セキタと共に笑っているのは金髪の男、長い黒髪の女。そしてハサギとアイ。

 彼等は誰なのだろう。あの人は誰なのだろう。アイとセキタはどんな仲だったのだろう。私の頭の中には、その疑問ばかり浮かび上がっていた。


~その匣の中には、かけがえのないものが入っていました。

 だけどそれが希望になるのかどうか、私には分からないのです~



▲▽▲▽▲▽▲▽▲▽▲▽▲▽▲▽


~始まりは、あの冬の夜だった。

 戦争が終わり、基地を去らねばならない私の耳に飛び込んできたのは、ある男の放送だった。
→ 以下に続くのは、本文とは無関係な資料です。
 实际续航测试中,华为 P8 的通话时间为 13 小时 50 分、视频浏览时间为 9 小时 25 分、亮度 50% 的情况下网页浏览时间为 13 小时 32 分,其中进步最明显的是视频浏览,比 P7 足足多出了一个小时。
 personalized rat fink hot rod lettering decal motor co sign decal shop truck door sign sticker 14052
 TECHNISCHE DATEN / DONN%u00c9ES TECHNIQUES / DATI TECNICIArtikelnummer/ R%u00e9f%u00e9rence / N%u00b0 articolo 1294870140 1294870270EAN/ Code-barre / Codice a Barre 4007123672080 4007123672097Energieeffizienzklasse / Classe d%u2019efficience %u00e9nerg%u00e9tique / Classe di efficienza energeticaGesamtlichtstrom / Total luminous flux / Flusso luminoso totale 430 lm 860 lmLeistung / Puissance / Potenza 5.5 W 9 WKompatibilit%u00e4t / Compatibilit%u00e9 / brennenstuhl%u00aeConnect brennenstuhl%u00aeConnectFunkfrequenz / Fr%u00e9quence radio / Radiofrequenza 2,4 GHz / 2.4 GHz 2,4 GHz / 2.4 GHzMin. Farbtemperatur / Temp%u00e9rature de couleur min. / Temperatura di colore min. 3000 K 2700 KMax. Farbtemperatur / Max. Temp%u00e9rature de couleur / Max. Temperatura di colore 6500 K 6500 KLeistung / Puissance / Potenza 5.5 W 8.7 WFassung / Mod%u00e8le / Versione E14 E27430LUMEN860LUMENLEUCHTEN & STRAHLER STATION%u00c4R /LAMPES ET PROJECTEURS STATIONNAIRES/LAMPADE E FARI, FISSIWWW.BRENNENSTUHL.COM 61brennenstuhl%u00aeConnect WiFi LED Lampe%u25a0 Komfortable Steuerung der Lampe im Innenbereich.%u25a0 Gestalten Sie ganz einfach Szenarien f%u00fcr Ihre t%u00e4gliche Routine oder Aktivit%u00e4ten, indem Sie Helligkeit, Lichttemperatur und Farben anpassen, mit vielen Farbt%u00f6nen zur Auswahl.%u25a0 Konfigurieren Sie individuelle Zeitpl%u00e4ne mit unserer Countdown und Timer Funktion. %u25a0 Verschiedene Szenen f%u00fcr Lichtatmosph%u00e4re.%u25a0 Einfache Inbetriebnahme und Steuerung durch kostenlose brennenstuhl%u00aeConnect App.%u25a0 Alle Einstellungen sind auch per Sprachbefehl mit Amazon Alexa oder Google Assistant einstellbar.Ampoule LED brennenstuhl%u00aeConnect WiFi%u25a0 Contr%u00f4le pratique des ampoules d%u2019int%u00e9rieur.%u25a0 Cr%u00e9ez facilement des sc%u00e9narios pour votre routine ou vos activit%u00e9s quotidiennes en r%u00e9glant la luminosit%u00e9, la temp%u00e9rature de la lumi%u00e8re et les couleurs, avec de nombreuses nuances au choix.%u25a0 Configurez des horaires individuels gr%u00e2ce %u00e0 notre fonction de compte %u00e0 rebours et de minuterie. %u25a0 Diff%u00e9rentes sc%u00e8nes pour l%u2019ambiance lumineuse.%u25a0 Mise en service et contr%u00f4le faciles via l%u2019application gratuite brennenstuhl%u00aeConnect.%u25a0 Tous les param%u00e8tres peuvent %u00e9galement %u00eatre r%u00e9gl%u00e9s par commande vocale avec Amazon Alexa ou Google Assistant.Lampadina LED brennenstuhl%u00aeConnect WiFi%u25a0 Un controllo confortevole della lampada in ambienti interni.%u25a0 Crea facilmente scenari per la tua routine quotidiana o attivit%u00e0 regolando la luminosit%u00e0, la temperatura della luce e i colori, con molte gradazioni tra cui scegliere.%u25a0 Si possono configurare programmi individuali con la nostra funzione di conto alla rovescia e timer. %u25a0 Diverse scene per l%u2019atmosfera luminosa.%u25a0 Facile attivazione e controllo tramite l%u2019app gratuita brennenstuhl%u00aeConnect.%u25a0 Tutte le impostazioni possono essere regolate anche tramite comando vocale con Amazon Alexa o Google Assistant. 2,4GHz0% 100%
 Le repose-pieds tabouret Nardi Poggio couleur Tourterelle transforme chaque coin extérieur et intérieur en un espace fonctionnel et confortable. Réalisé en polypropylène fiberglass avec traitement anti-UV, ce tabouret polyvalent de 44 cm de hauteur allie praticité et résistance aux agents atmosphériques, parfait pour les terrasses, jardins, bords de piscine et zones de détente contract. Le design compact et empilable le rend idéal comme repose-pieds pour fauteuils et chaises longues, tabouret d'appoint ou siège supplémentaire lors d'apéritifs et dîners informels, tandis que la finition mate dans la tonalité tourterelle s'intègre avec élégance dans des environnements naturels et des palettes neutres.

『俺の名前はアイ!新たなゴブリンズを創る者だ!退屈窮屈面倒な戦争が終わった今、自由を求め俺達と共に新たなゴブリンズを創ろうじゃないか!

 同志よ、俺は桜の木のある中庭で待っている!』


 バカみたいに明るい声で、アホみたいな内容の事を話している。

 私はそれを無視しても良かったが、かといって私に帰る場所も人もいないので、まあ適当に顔だけ見せてみようかと思い、中庭に向かった。

 果たしてそこで待っていたのは、両腕が無い一人の男だった。

 雪が降り真っ白になった世界の中で、枯れた桜を呆然と見ていて、他の全てを忘れたかのように枯れた桜を見つめている。

 私は恐る恐る、その男に声をかけてみた。


「あのー・・」

「・・・・・・・・ん?」


 反応した、がこちらを見ようとはしない。私はもう一度訊ねる。


「放送を聞いて来たのですが、貴方が、アイさん・・ですか?」

「アイ・・?そうか、俺はアイだったな・・」


 それだけ言って、自称アイはまた桜を見つめている。完全にこちらの事を忘れているようだ。
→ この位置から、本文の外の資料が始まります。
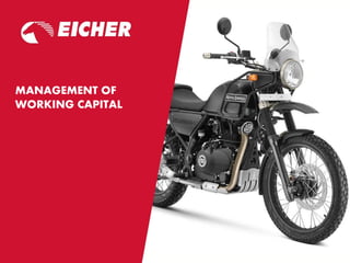 Eicher Motors, a significant player in India's automotive industry, focuses on expanding its market presence and enhancing production capacity, particularly in the mid-sized motorcycle segment. The company employs an aggressive working capital policy to optimize liquidity and reduce reliance on current assets while managing debt and credit efficiently. Key strategies include improving supplier relationships, inventory management, and cash flow optimization to adapt to growth and new product lines.
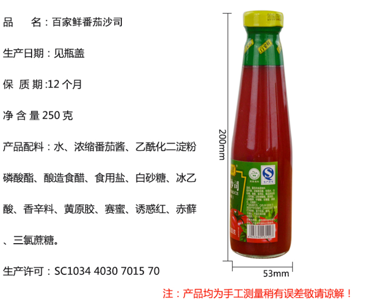 百家鲜番茄沙司250g【团购价2.76元/瓶】
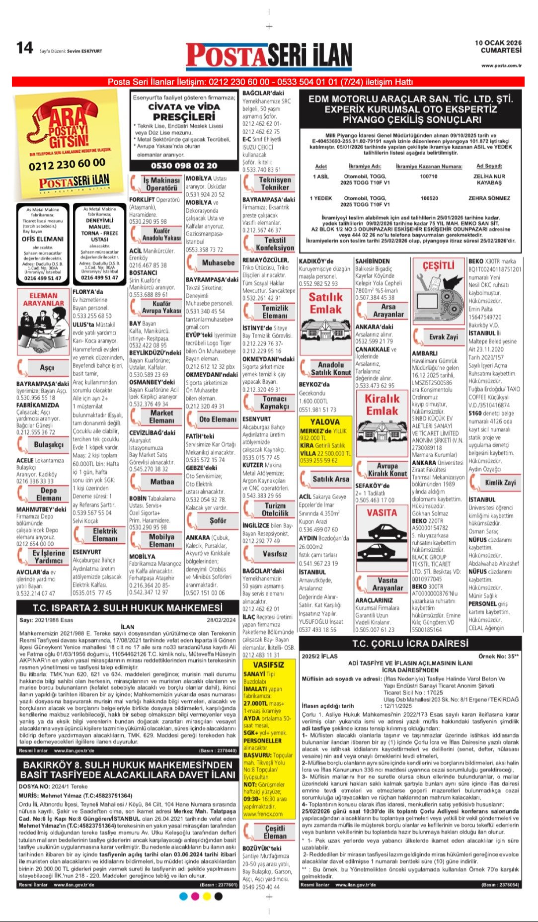Posta Bugünkü İş İlanları, Posta Eleman, Posta Kayıp İlanı-10.1.2026
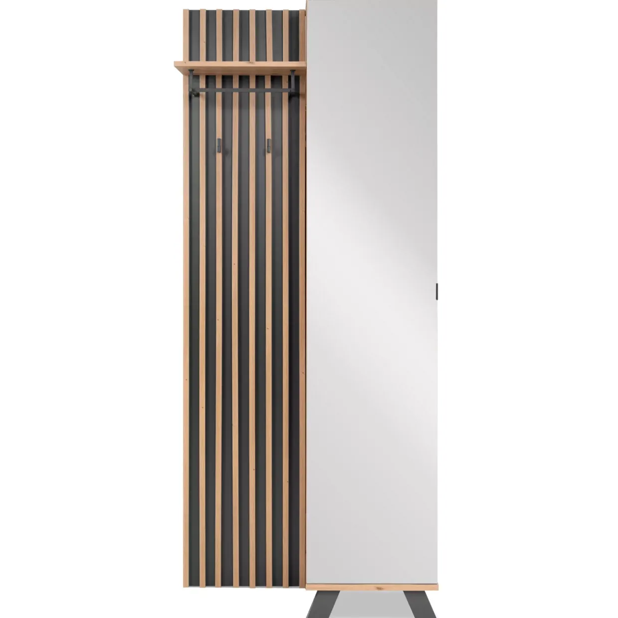 Besonderes Augenmerk verdienen die aufgesetzten Lamellen in Holzoptik, die dem Ensemble eine edle Note verleihen. Eine nützliche Hutablage ergänzt das Design und bietet zusätzlichen Stauraum für Ihre Accessoires. Die ABS-Kante in Artisan Eiche rundet das Gesamtbild harmonisch ab und sorgt für eine angenehme Haptik.

 私はなんだか馬鹿馬鹿しくなって、その男に背を向けた。帰ろう。

 この人は頭がおかしいんだ。さっきの放送もただの妄想なんだ。この人の頭だけの話なんだ。

 だから私が彼に何を望もうが意味が無いんだ。帰る場所も人もいない、ただ誰かを憎むだけが私なんだ。

 それが、私なの?

 そう思うと、なんか悔しくなった。いや、そんな自分の方が馬鹿馬鹿しくなったというべきか。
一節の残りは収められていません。